Garine Wael N, Funkenbusch Paul D, Ercoli Carlo, Wodenscheck Joseph, Murphy William C
Eastman Dental Center, Division of Prosthodontics, University of Rochester, Rochester, New York 14620, USA.
Int J Oral Maxillofac Implants. 2007 Nov-Dec;22(6):928-38.
The specific aims of this study were to measure the implant and abutment hexagonal dimensions, to measure the rotational misfit between implant and abutments, and to correlate the dimension of the gap present between the abutment and implant hexagons with the rotational misfit of 5 abutment-implant combinations from 2 manufacturers.
Twenty new externally hexed implants (n = 10 for Nobel Biocare; n = 10 for Biomet/3i) and 50 new abutments were used (n = 10; Procera Zirconia; Procera Alumina; Esthetic Ceramic Abutment; ZiReal; and GingiHue post ZR Zero Rotation abutments). The mating surfaces of all implants and abutments were imaged with a scanning electron microscope before and after rotational misfit measurements. The distances between the corners and center of the implant and abutment hexagon were calculated by entering their x and y coordinates, measured on a measuring microscope, into Pythagoras' theorem. The dimensional difference between abutment and implant hexagons was calculated and correlated with the rotational misfit, which was recorded using a precision optical encoder. Each abutment was rotated (3 times/session) clockwise and counterclockwise until binding. Analysis of variance and Student-Newman-Keuls tests were used to compare rotational misfit among groups (alpha = .05).

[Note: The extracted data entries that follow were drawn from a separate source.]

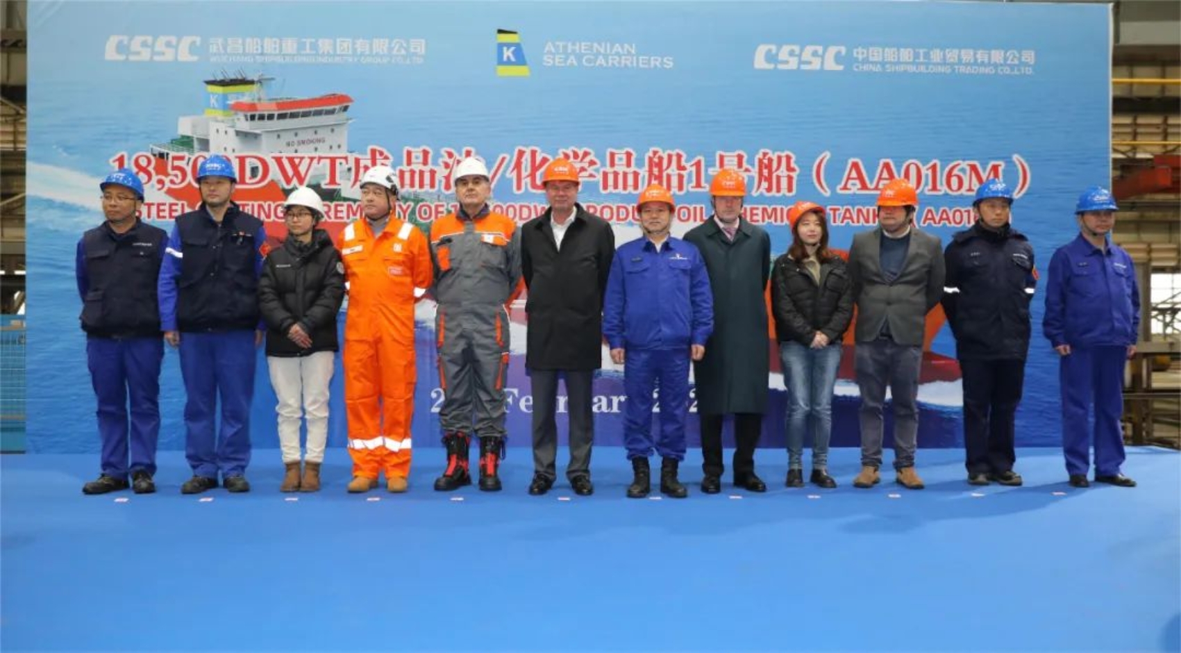 2月20日下午,由中国船舶集团武昌造船为希腊Athenian Sea Carriers公司建造的 18500DWT油化船1号船顺利开工。Athenian Sea Carriers、SeaQuest Marine、Braema、LR船级社、中船贸易及武昌造船等相关单位领导、来宾出席开工仪式。
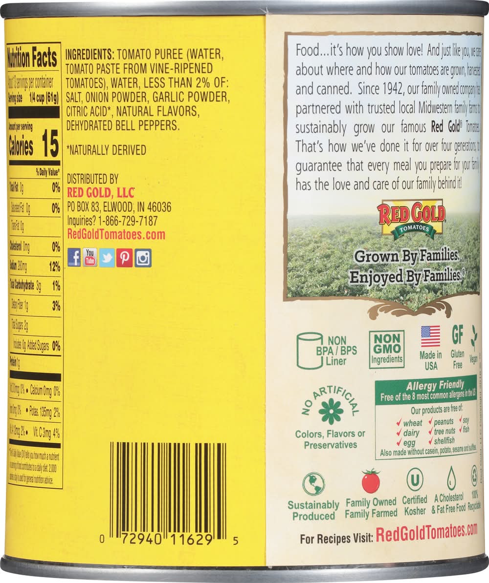 Sauce, Tomato • Number of servings: 13 • Red Gold, LLC, Elwood, IN, 46036, Ph: 866-729-7187
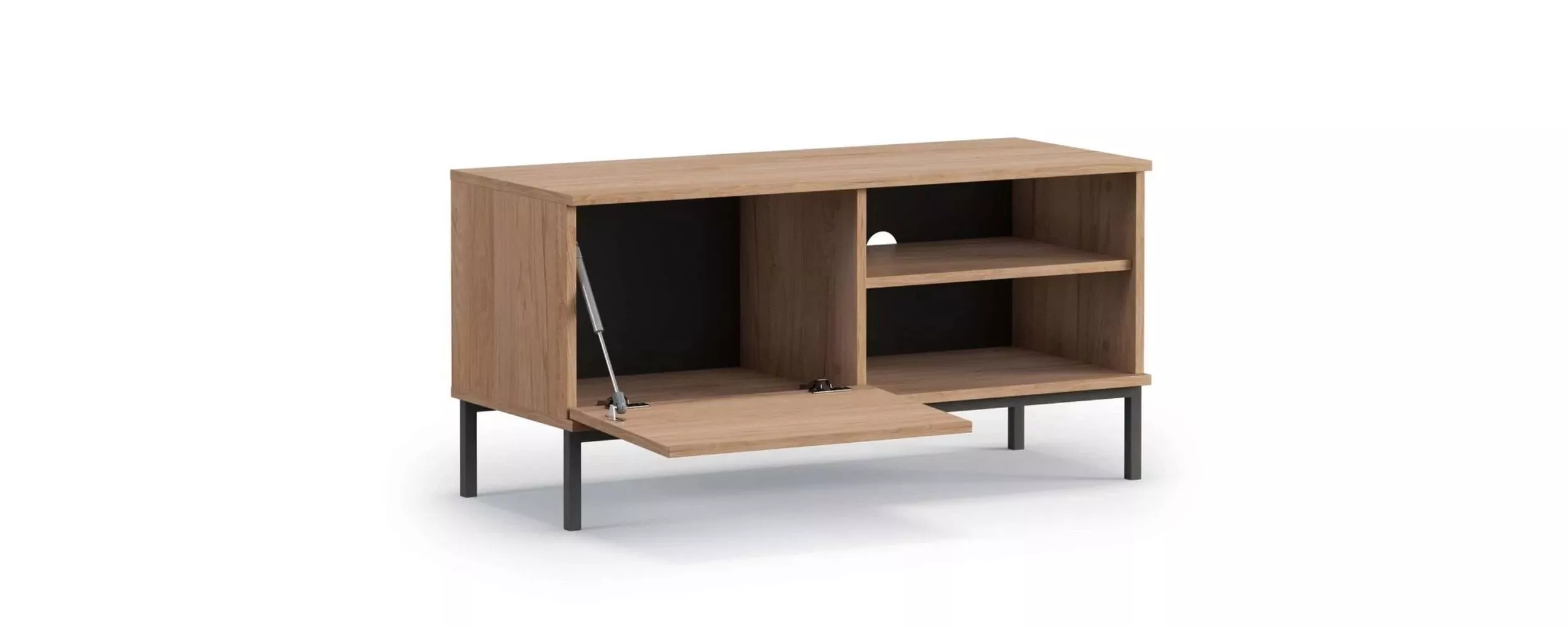 Televizní stolek NIXI se vyznačuje svým minimalistickým designem a skvěle zapadne do každého moderního interiéru. Zvláštností stolku jsou dlouhé, štíhlé nohy, které dodávají nábytku lehkost. Výhodou TV stolku je, že je vybaven technologií "PUSH TO OPEN". Skříňka s plnými dvířky skryje drobnosti a otevřené police jsou dokonalým místem pro set-top box, hry, desky a sluchátka.

With respect to rotational misfit, the abutment groups were significantly different from one another (P < .001), with the exception of the Procera Zirconia and Esthetic Ceramic groups (P = .4). The mean rotational misfits in degrees were 4.13 +/- 0.68 for the Procera Zirconia group, 3.92 +/- 0.62 for the Procera Alumina group, 4.10 +/- 0.67 for the Esthetic Ceramic group, 3.48 +/- 0.40 for the ZiReal group, and 1.61 +/- 0.24 for the GingiHue post ZR group. There was no correlation between the mean implant-abutment gap and rotational misfit.
Within the limits of this study, machining inconsistencies of the hexagons were found for all implants and abutments tested. The GingiHue Post showed the smallest rotational misfit. All-ceramic abutments without a metal collar showed a greater rotational misfit than those with a metal collar.
本研究的具体目的是测量种植体和基台的六边形尺寸,测量种植体与基台之间的旋转不匹配度,并将基台与种植体六边形之间存在的间隙尺寸与来自2家制造商的5种基台 - 种植体组合的旋转不匹配度相关联。
使用20颗新的外六边形种植体(诺贝尔生物公司10颗;Biomet/3i公司10颗)和50个新基台(10个Procera氧化锆基台;10个Procera氧化铝基台;10个美学陶瓷基台;10个ZiReal基台;10个GingiHue柱ZR零旋转基台)。在进行旋转不匹配度测量前后,用扫描电子显微镜对所有种植体和基台的配合表面进行成像。通过将在测量显微镜上测量的种植体和基台六边形角与中心之间的x和y坐标代入毕达哥拉斯定理来计算距离。计算基台和种植体六边形之间的尺寸差异,并将其与旋转不匹配度相关联,旋转不匹配度使用精密光学编码器记录。每个基台以顺时针和逆时针方向旋转(每次3次)直至结合。使用方差分析和Student - Newman - Keuls检验比较各组之间的旋转不匹配度(α = 0.05)。
关于旋转不匹配度,除Procera氧化锆组和美学陶瓷组外(P = 0.4),基台组之间存在显著差异(P < 0.001)。Procera氧化锆组的平均旋转不匹配度为4.13±0.68度,Procera氧化铝组为3.92±0.62度,美学陶瓷组为4.10±0.67度,ZiReal组为3.48±0.40度,GingiHue柱ZR组为1.61±0.24度。种植体 - 基台平均间隙与旋转不匹配度之间无相关性。
在本研究的范围内,发现所有测试的种植体和基台的六边形加工不一致。GingiHue柱显示出最小的旋转不匹配度。无金属颈圈的全陶瓷基台比有金属颈圈的全陶瓷基台表现出更大的旋转不匹配度。